**Source material:**
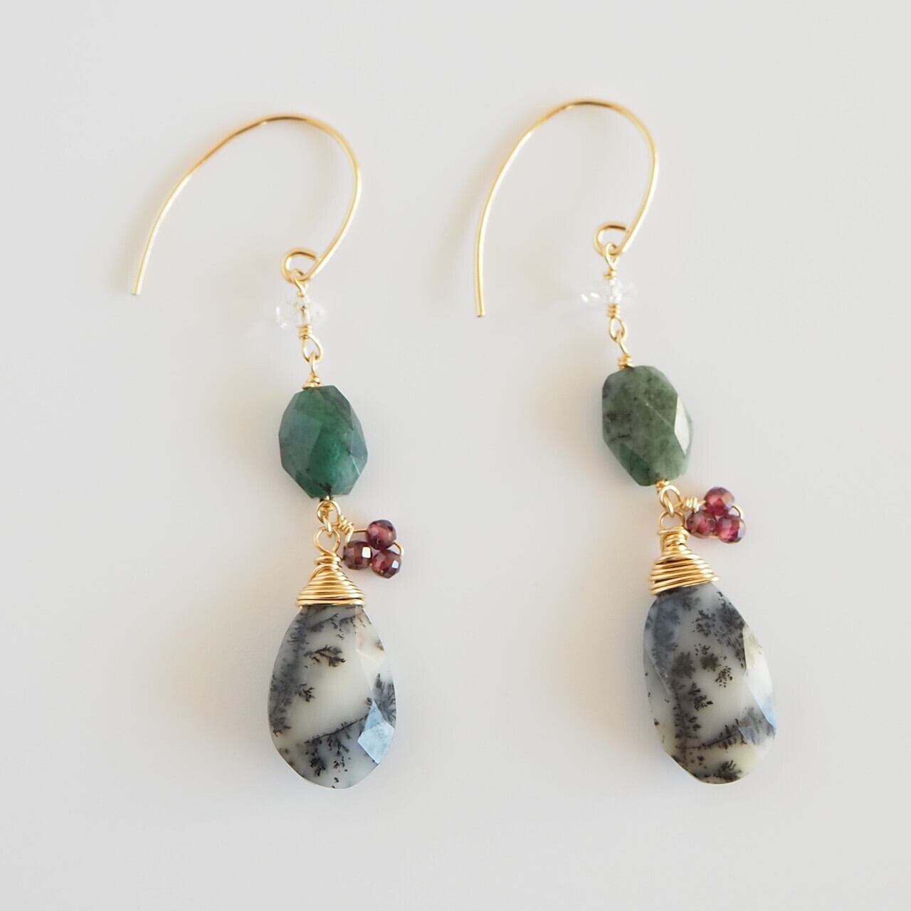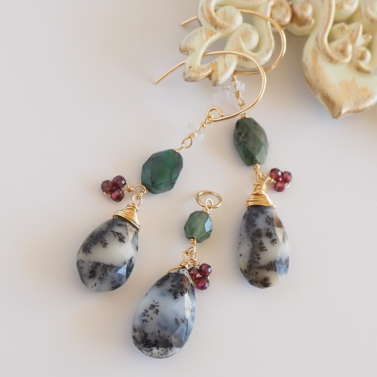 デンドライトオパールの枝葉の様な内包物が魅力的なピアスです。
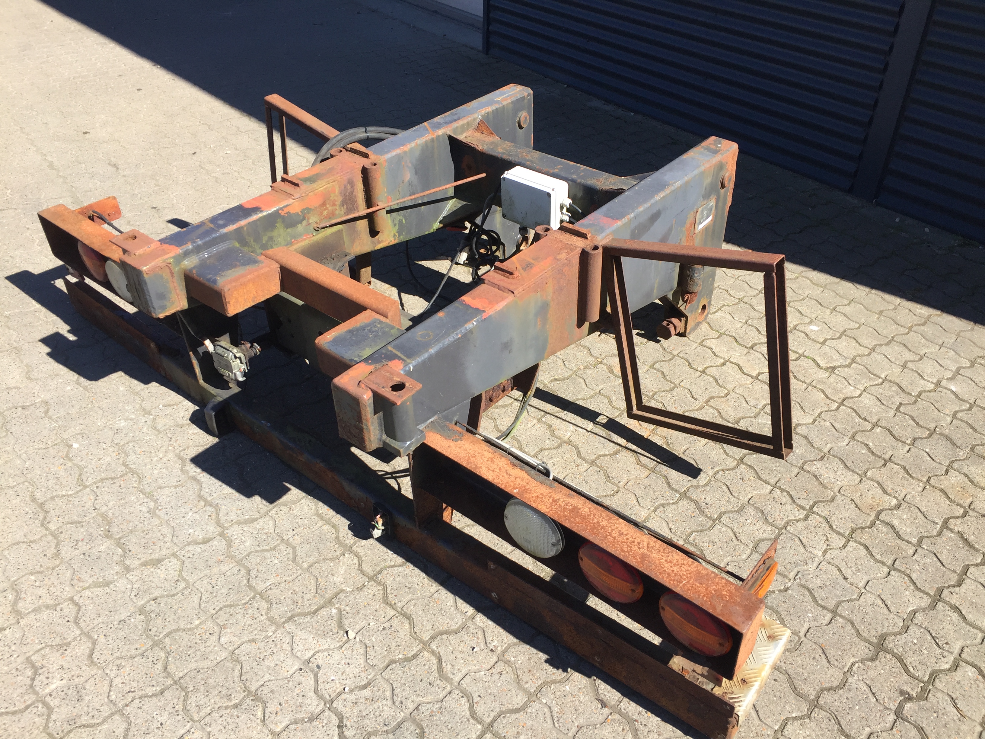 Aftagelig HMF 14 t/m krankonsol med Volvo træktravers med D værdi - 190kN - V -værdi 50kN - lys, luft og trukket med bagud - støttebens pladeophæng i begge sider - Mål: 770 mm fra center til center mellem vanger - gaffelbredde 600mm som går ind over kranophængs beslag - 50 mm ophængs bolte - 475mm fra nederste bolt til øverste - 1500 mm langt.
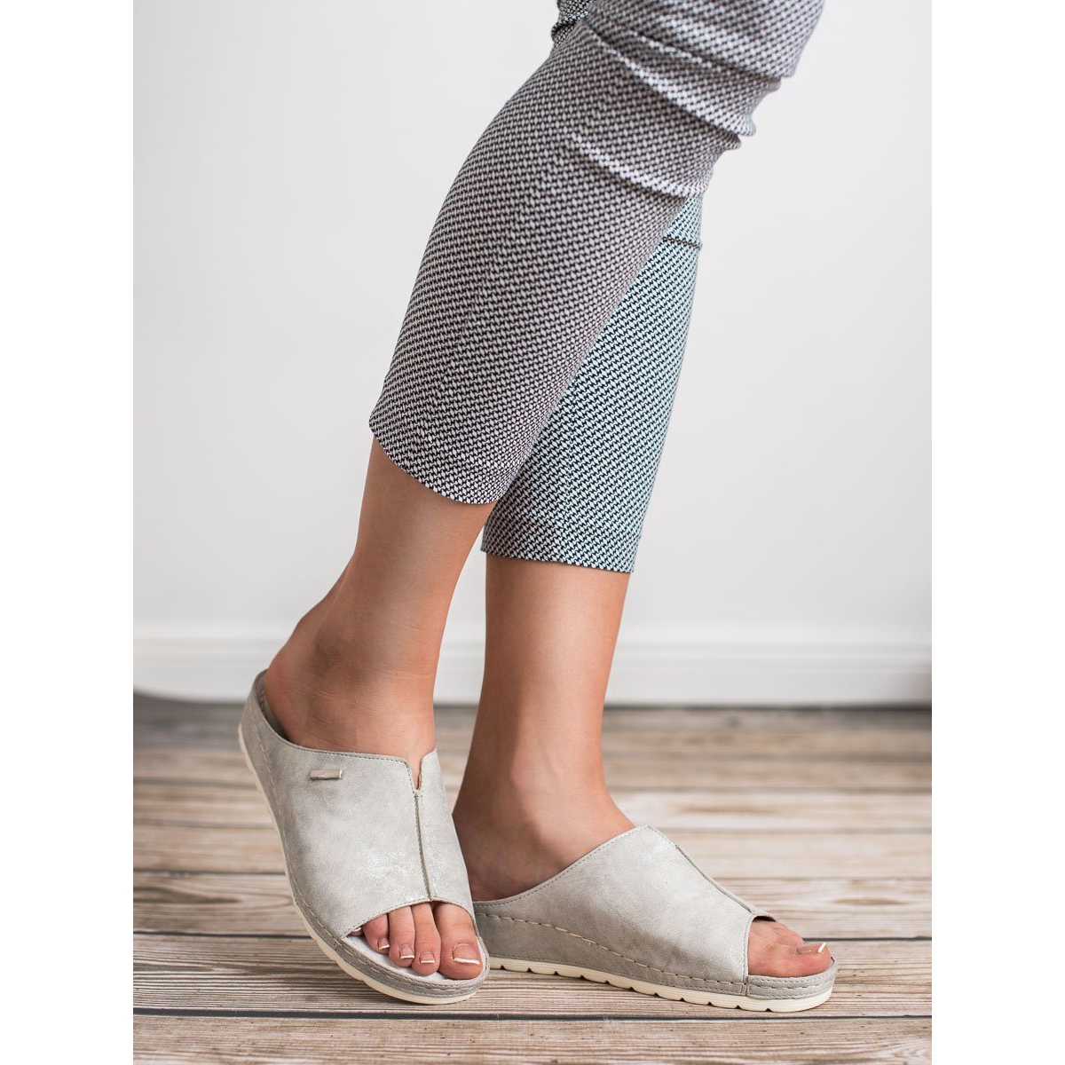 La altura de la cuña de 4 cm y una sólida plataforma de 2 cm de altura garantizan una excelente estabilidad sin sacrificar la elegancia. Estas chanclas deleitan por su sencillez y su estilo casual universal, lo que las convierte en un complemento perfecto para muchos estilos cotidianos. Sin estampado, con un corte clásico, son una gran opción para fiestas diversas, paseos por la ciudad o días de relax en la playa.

**Exercise directions:** Return all the data exactly, pictures omitted.

**Response:**
 デンドライトオパールの枝葉の様な内包物が魅力的なピアスです。
 Aftagelig HMF 14 t/m krankonsol med Volvo træktravers med D værdi - 190kN - V -værdi 50kN - lys, luft og trukket med bagud - støttebens pladeophæng i begge sider - Mål: 770 mm fra center til center mellem vanger - gaffelbredde 600mm som går ind over kranophængs beslag - 50 mm ophængs bolte - 475mm fra nederste bolt til øverste - 1500 mm langt.
 La altura de la cuña de 4 cm y una sólida plataforma de 2 cm de altura garantizan una excelente estabilidad sin sacrificar la elegancia. Estas chanclas deleitan por su sencillez y su estilo casual universal, lo que las convierte en un complemento perfecto para muchos estilos cotidianos. Sin estampado, con un corte clásico, son una gran opción para fiestas diversas, paseos por la ciudad o días de relax en la playa.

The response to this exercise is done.